Longitudinal white matter and cognitive development in pediatric carriers of the apolipoprotein ε4 allele

Autor: Justin Remer, Douglas C. Dean, III, Kewei Chen, Rebecca A. Reiman, Matthew J. Huentelman, Eric M. Reiman, Sean C.L. Deoni
Jazyk: angličtina
Rok vydání: 2020
Předmět:
Zdroj: NeuroImage, Vol 222, Iss , Pp 117243- (2020)
Druh dokumentu: article
ISSN: 1095-9572
DOI: 10.1016/j.neuroimage.2020.117243
Popis: We have previously demonstrated cross-sectional differences in magnetic resonance imaging (MRI) measurements of white matter myelin and gray matter in infants with or without the apolipoprotein ε4 allele, a major genetic risk factor for late-onset Alzheimer's disease (AD).
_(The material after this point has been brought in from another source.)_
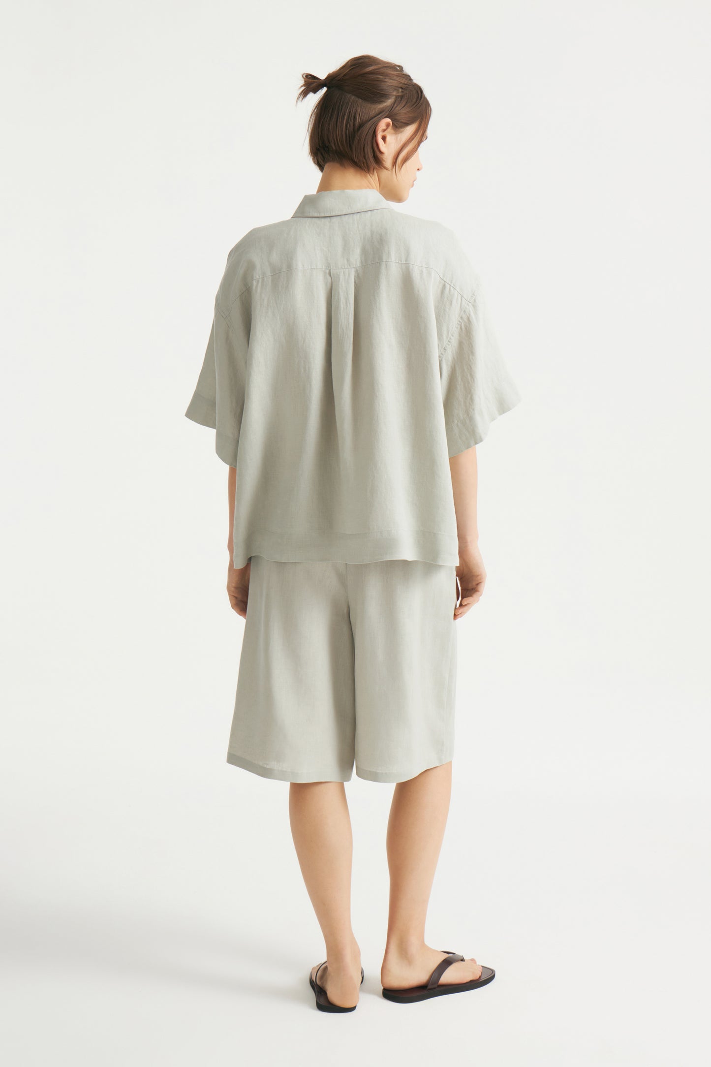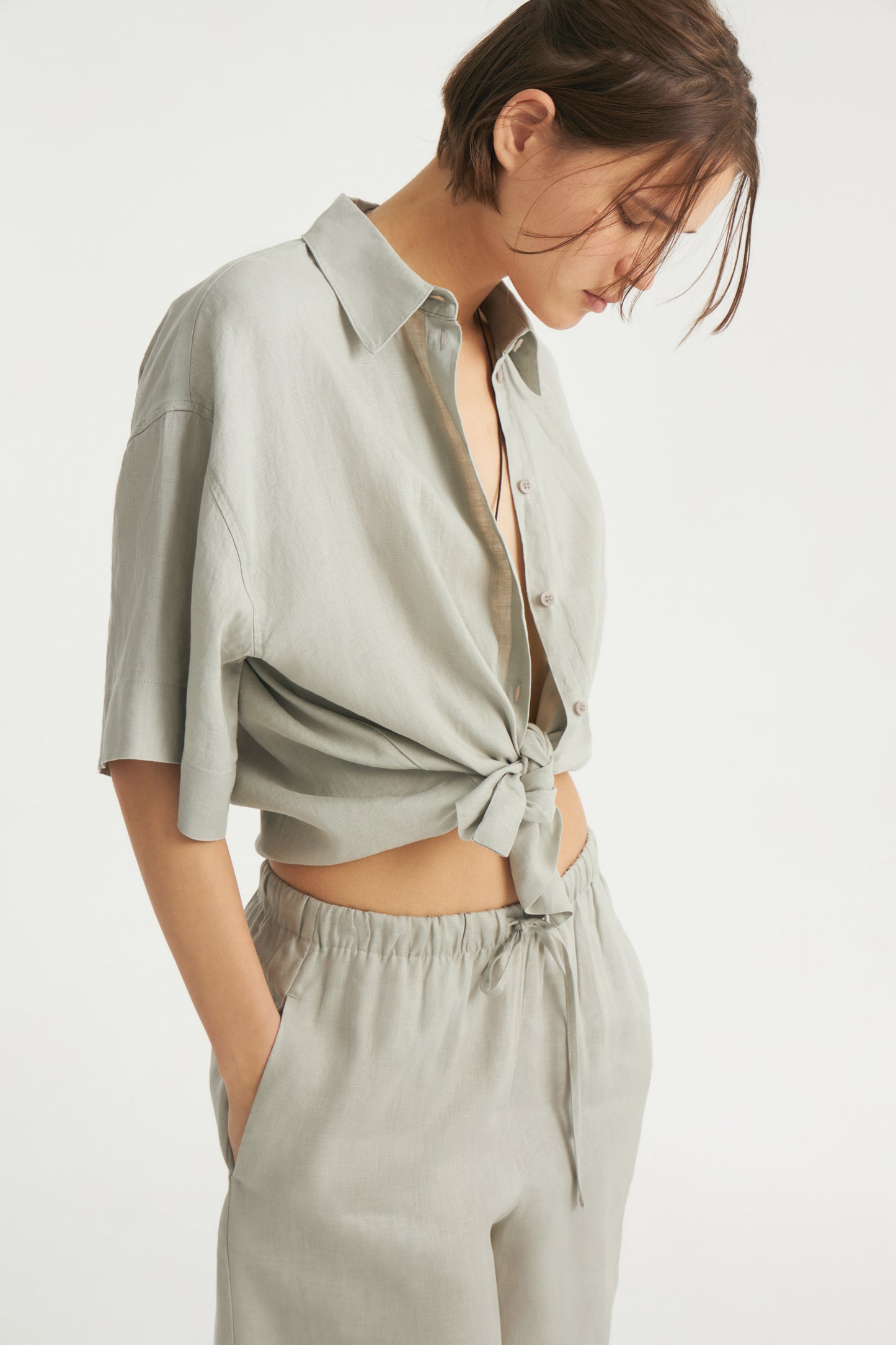 Relaxed-fit shirt in airy linen with a collar, button front, short sleeves and straight-cut hem. Fabric made from linen is breathable, beautiful both ironed and wrinkled, and softens over time.

In this study, we sought to compare longitudinal MRI white matter myelin and cognitive-behavioral changes in infants and young children with and without this allele. Serial MRI and cognitive tests were obtained on 223 infants and young children, including 74 ε4 carriers and 149 non-carriers, 2–68 months of age, matched for age, gestational duration, birth weight, sex ratio, maternal age, education, and socioeconomic status. Automated brain mapping algorithms and non-linear mixed models were used to characterize and compare trajectories of white matter myelin and cognitive-behavioral test scores. The APOE ε4 carriers had statistically significant differences in white matter myelin development, in the uncinate fasciculus, temporal lobe, internal capsule and occipital lobe. Additionally, ε4 carriers had a slightly greater rate of development in early learning composite a surrogate measure of IQ representative of expressive language, receptive language, fine motor, and visual skills, but displayed slightly lower non verbal development quotient scores a composite measure of fine motor and visual skills across the entire age range. This study supports the possibility that ε4 carriers have slightly altered rates of white matter and cognitive development in childhood. It continues to raise questions about the role of APOE in human brain development and the relevance of these developmental differences to the predisposition to AD.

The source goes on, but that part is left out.